DIRECTIONS
Nothing should appear in the answer except the lines below from the line containing "LTDTOTO JACKPOT SLOT" through the line containing "请注意,在此过程中,可能会有", copied exactly, with pictures left out.

INFORMATION
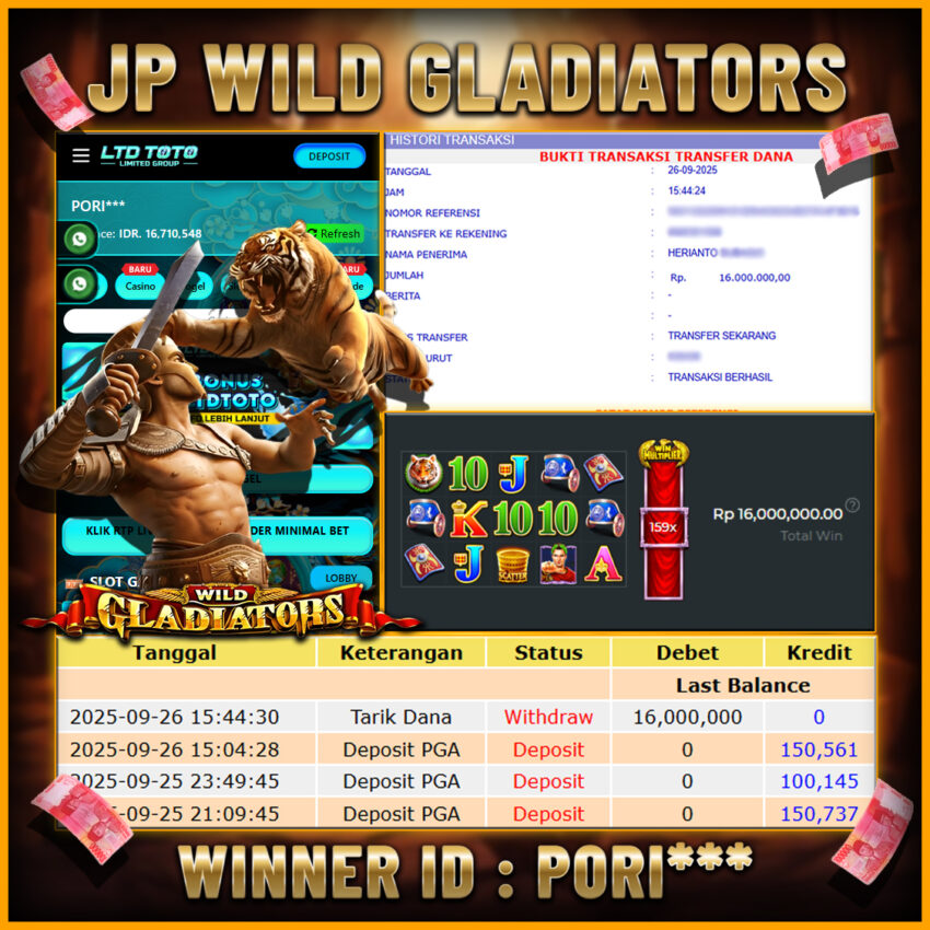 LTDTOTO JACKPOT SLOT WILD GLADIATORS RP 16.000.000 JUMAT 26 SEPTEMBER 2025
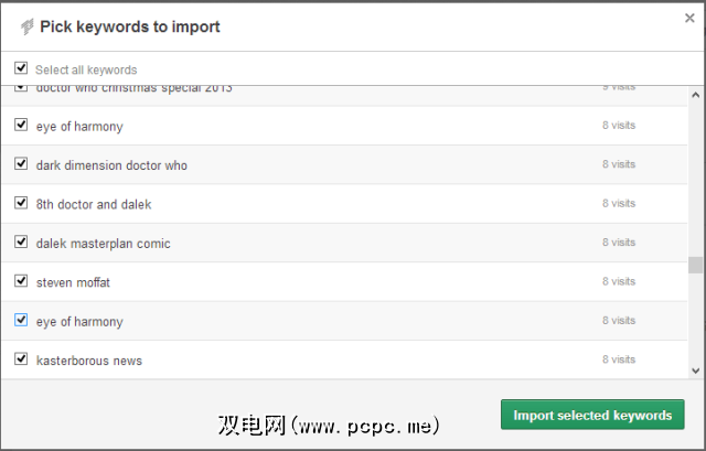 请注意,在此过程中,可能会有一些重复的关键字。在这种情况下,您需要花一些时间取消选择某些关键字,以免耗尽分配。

...

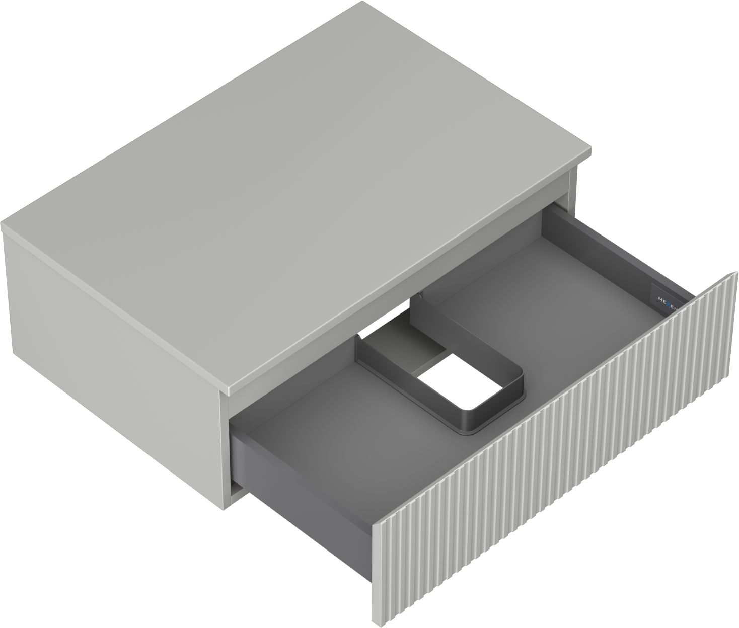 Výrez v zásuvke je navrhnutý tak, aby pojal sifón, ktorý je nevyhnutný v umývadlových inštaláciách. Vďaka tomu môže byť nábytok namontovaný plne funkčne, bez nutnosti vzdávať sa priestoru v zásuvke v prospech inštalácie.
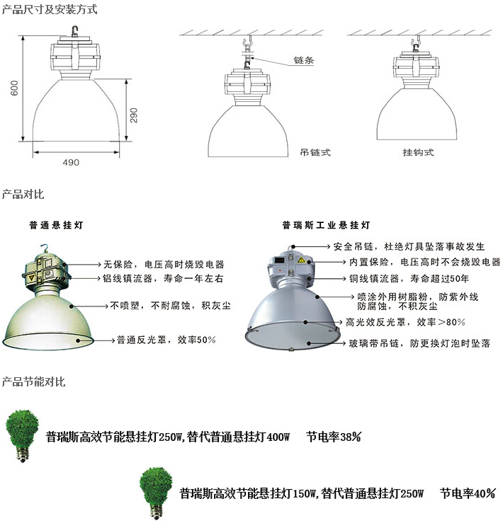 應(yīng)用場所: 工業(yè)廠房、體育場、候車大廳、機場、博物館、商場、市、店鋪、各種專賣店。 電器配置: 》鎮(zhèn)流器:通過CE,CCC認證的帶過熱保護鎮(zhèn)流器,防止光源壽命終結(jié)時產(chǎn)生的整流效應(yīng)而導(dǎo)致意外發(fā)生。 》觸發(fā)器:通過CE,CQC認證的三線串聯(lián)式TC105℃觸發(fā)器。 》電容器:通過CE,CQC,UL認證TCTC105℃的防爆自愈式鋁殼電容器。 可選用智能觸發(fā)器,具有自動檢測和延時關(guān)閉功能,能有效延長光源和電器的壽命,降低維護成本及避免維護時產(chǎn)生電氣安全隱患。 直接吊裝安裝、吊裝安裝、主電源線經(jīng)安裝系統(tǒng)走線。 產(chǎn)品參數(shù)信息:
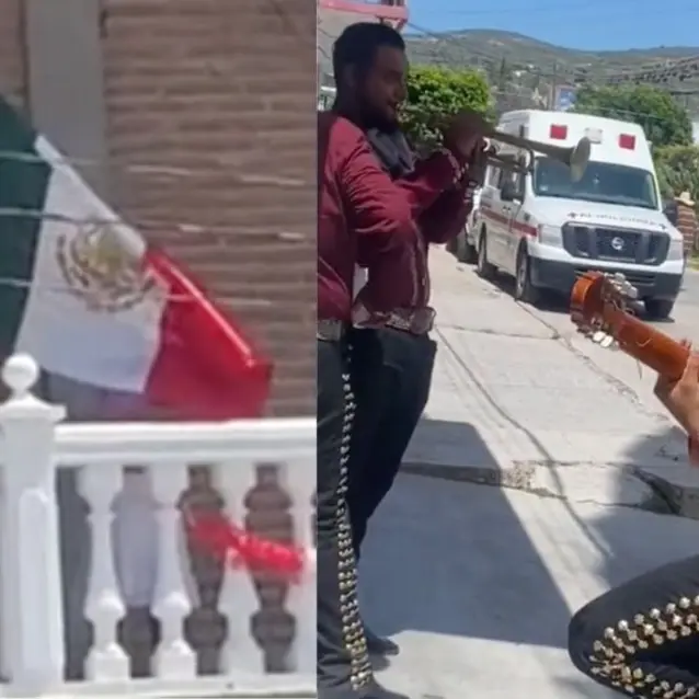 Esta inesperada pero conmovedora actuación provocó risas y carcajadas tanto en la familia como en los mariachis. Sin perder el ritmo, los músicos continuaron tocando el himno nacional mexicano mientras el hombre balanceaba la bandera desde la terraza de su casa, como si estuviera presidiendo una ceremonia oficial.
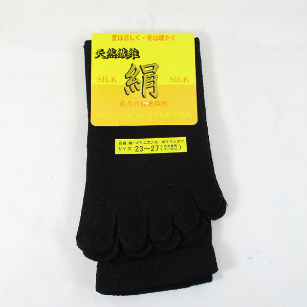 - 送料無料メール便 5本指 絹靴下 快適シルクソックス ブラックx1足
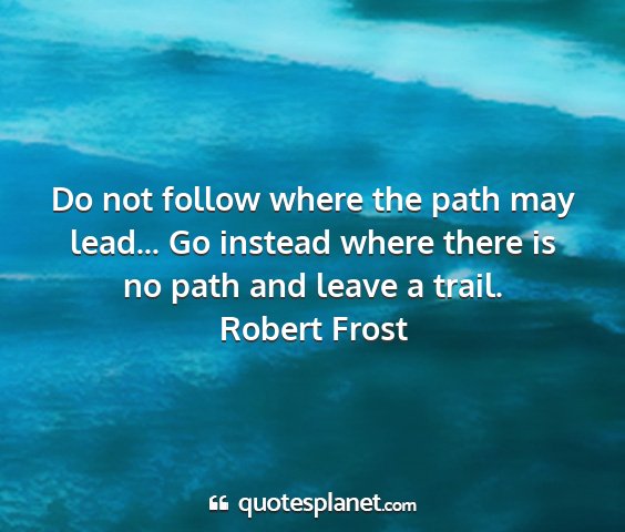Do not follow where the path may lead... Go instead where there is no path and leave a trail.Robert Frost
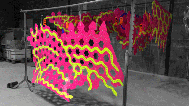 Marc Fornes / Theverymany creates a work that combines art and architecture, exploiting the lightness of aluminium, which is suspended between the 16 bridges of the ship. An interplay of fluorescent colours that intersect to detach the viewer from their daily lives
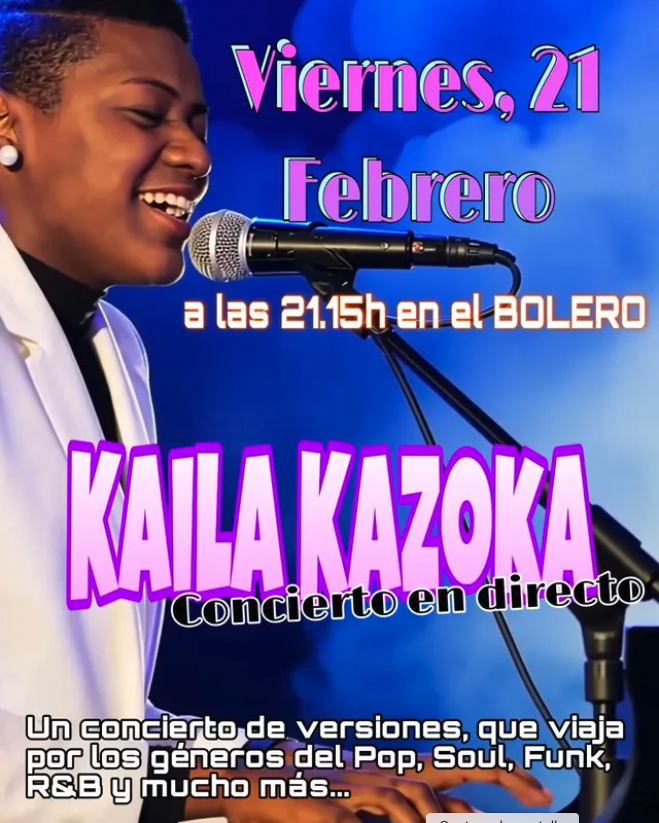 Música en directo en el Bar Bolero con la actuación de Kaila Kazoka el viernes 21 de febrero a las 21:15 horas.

SOLUTION FOR THIS TASK
 LTDTOTO JACKPOT SLOT WILD GLADIATORS RP 16.000.000 JUMAT 26 SEPTEMBER 2025
 请注意,在此过程中,可能会有一些重复的关键字。在这种情况下,您需要花一些时间取消选择某些关键字,以免耗尽分配。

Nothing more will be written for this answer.